▼

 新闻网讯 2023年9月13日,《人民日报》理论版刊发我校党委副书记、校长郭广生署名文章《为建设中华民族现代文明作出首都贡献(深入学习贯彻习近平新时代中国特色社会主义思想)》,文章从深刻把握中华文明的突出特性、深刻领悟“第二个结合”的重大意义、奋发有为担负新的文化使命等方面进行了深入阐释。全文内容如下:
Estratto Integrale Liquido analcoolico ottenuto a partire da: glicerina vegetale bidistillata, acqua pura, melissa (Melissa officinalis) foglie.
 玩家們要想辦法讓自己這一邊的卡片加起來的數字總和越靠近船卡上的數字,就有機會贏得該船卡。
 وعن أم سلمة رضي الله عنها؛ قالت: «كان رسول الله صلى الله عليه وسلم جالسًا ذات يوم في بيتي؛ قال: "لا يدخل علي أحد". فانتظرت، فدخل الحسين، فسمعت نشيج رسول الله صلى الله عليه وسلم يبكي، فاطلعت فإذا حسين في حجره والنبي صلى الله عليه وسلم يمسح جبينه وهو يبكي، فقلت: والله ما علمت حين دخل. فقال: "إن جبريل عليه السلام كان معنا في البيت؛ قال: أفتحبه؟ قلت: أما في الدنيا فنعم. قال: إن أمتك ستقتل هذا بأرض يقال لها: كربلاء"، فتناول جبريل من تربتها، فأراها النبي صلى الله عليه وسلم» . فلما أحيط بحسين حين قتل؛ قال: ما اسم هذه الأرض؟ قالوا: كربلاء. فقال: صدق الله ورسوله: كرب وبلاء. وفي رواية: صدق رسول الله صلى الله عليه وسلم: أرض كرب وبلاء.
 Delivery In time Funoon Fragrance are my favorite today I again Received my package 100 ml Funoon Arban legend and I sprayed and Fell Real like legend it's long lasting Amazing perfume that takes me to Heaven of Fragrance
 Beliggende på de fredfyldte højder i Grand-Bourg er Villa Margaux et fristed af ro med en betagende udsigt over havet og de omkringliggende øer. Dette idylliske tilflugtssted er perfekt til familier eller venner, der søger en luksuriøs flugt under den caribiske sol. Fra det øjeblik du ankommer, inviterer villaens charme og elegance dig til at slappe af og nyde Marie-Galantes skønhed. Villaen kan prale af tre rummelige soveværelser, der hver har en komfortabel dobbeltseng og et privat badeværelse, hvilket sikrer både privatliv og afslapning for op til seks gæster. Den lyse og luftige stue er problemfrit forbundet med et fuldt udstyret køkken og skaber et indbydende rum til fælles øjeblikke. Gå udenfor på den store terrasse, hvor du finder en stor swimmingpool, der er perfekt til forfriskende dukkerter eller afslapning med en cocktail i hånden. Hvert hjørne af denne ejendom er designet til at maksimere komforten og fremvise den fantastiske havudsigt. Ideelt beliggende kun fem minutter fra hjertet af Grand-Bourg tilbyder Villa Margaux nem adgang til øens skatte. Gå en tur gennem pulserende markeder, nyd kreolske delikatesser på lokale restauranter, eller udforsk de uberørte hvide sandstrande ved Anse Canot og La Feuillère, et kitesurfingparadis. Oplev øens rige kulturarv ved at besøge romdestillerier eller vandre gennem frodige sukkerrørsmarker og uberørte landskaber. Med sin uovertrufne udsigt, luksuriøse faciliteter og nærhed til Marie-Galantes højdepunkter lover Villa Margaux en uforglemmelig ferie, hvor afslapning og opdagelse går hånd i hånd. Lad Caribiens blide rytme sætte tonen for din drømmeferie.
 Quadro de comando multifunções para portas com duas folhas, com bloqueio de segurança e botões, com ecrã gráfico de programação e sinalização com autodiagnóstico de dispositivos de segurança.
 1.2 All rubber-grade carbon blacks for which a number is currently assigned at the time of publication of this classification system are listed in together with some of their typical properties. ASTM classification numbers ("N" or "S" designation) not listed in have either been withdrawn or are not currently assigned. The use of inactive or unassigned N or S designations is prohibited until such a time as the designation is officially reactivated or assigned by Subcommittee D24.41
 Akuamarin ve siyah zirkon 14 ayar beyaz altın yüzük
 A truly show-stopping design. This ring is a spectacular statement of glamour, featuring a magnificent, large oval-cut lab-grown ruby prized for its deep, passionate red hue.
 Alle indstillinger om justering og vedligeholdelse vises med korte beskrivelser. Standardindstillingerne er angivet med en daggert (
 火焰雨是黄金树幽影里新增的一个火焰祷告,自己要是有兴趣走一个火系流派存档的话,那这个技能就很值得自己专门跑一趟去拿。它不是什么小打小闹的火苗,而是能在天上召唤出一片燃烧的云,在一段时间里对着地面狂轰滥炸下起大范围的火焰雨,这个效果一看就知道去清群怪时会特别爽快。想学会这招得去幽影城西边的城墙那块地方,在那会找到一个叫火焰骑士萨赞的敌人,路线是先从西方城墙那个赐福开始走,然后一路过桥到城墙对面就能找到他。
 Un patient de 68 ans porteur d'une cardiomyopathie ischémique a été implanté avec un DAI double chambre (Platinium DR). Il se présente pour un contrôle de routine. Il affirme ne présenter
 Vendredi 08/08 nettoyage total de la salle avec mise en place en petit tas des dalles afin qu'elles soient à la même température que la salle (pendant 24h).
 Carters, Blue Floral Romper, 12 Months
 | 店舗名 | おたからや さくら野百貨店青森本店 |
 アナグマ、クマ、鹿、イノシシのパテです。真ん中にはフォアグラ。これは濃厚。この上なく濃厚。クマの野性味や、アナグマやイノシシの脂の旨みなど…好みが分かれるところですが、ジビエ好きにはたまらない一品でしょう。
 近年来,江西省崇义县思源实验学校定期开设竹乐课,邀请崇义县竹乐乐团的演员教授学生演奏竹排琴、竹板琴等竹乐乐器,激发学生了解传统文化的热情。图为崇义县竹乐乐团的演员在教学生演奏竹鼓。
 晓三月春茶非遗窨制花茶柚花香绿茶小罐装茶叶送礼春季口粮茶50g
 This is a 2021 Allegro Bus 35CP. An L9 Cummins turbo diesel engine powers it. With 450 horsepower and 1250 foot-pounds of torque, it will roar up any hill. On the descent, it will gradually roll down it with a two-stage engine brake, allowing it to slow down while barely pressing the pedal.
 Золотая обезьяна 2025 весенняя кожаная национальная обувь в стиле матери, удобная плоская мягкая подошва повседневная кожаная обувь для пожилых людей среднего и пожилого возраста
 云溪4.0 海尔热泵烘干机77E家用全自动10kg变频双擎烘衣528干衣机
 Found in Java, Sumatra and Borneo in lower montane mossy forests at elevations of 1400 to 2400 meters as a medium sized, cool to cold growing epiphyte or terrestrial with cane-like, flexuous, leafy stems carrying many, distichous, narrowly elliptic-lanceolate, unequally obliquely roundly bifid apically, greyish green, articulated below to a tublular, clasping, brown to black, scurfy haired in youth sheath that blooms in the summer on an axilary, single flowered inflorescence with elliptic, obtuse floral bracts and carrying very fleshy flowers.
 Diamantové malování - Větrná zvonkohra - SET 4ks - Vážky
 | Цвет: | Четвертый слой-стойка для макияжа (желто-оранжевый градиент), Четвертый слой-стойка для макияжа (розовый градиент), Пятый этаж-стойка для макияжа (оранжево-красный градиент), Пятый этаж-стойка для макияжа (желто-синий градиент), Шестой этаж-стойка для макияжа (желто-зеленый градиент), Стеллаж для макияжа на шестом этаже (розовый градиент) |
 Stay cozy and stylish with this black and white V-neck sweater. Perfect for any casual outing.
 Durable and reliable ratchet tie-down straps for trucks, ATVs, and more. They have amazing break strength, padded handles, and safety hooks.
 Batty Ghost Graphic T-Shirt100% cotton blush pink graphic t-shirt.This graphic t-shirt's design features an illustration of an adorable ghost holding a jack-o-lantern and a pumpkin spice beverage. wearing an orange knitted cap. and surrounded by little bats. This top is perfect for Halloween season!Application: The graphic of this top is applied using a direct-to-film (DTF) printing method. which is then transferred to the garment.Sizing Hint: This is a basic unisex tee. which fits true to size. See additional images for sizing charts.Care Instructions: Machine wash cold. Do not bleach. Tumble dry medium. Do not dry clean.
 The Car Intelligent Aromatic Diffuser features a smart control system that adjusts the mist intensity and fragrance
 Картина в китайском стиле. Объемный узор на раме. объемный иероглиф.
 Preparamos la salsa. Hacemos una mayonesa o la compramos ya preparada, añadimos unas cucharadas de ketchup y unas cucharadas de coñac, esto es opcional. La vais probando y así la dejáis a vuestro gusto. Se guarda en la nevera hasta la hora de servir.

▲

Assigned task:
Starting with the first line of the records above, give back each line exactly until the line with "Delivery In time" has been given as well.

Solution for this task:
 新闻网讯 2023年9月13日,《人民日报》理论版刊发我校党委副书记、校长郭广生署名文章《为建设中华民族现代文明作出首都贡献(深入学习贯彻习近平新时代中国特色社会主义思想)》,文章从深刻把握中华文明的突出特性、深刻领悟“第二个结合”的重大意义、奋发有为担负新的文化使命等方面进行了深入阐释。全文内容如下:
Estratto Integrale Liquido analcoolico ottenuto a partire da: glicerina vegetale bidistillata, acqua pura, melissa (Melissa officinalis) foglie.
 玩家們要想辦法讓自己這一邊的卡片加起來的數字總和越靠近船卡上的數字,就有機會贏得該船卡。
 وعن أم سلمة رضي الله عنها؛ قالت: «كان رسول الله صلى الله عليه وسلم جالسًا ذات يوم في بيتي؛ قال: "لا يدخل علي أحد". فانتظرت، فدخل الحسين، فسمعت نشيج رسول الله صلى الله عليه وسلم يبكي، فاطلعت فإذا حسين في حجره والنبي صلى الله عليه وسلم يمسح جبينه وهو يبكي، فقلت: والله ما علمت حين دخل. فقال: "إن جبريل عليه السلام كان معنا في البيت؛ قال: أفتحبه؟ قلت: أما في الدنيا فنعم. قال: إن أمتك ستقتل هذا بأرض يقال لها: كربلاء"، فتناول جبريل من تربتها، فأراها النبي صلى الله عليه وسلم» . فلما أحيط بحسين حين قتل؛ قال: ما اسم هذه الأرض؟ قالوا: كربلاء. فقال: صدق الله ورسوله: كرب وبلاء. وفي رواية: صدق رسول الله صلى الله عليه وسلم: أرض كرب وبلاء.
 Delivery In time Funoon Fragrance are my favorite today I again Received my package 100 ml Funoon Arban legend and I sprayed and Fell Real like legend it's long lasting Amazing perfume that takes me to Heaven of Fragrance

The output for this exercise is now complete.